This chapter covers the following topics:

  • Things to consider when analyzing source data for BI applications

  • The difference between the systems analysis phase of a traditional methodology and the business-focused data analysis performed during this step

  • Top-down logical data modeling, including project-specific logical data models, integrated enterprise logical data models, and data-specific business meta data components gathered during the logical data modeling process

  • Bottom-up source data analysis, including how to apply three sets of transformation rules to the source data: technical data conversion rules, business data domain rules, and business data integrity rules

  • The responsibilities for data archeology, data cleansing, and data quality enforcement, plus the need to triage (prioritize) data-cleansing activities

  • Brief descriptions of the activities involved in data analysis, the deliverables resulting from those activities, and the roles involved

  • The risks of not performing Step 5

Things to Consider

Source Data

Do we know where the source data resides? In what systems? In what files? In what databases?
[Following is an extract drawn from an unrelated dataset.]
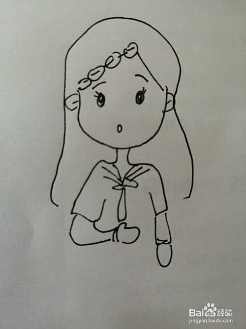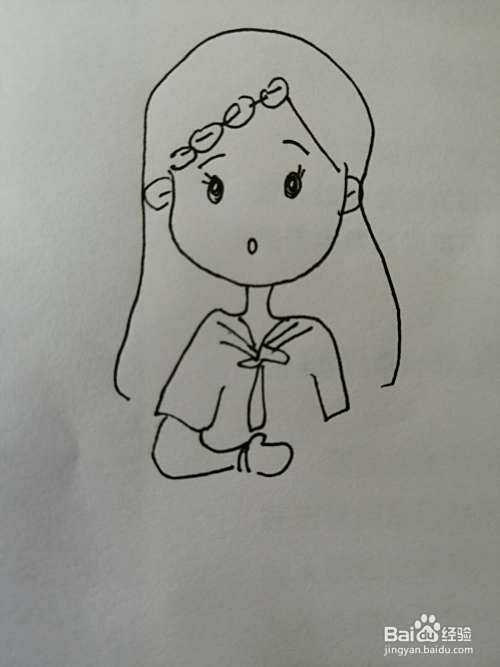 第五步,接着继续画出可爱的小女孩的衣服,注意衣服上领结的画法。
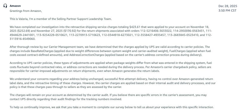 After repeated attempts to obtain clarity through Amazon’s seller support channels, one Chicago-based seller escalated the issue directly to UPS — and uncovered a practice that raises serious questions about transparency, accountability, and cost-shifting inside Amazon’s third-party marketplace.

Are there multiple potential sources for the same data?

Has the requested source data already been modeled ?

How current is the business meta data on those models?

Have the data owners ratified the business meta data?

Do we know who the data owners are? Who has authority over the source data?

Is there any other type of documentation available for the requested source data? Is it current and complete?

Where is that documentation? In a meta data repository? In programs? In manuals?

Data Quality

Do we know how clean the source data is?

How clean does the data have to be according to our business representative?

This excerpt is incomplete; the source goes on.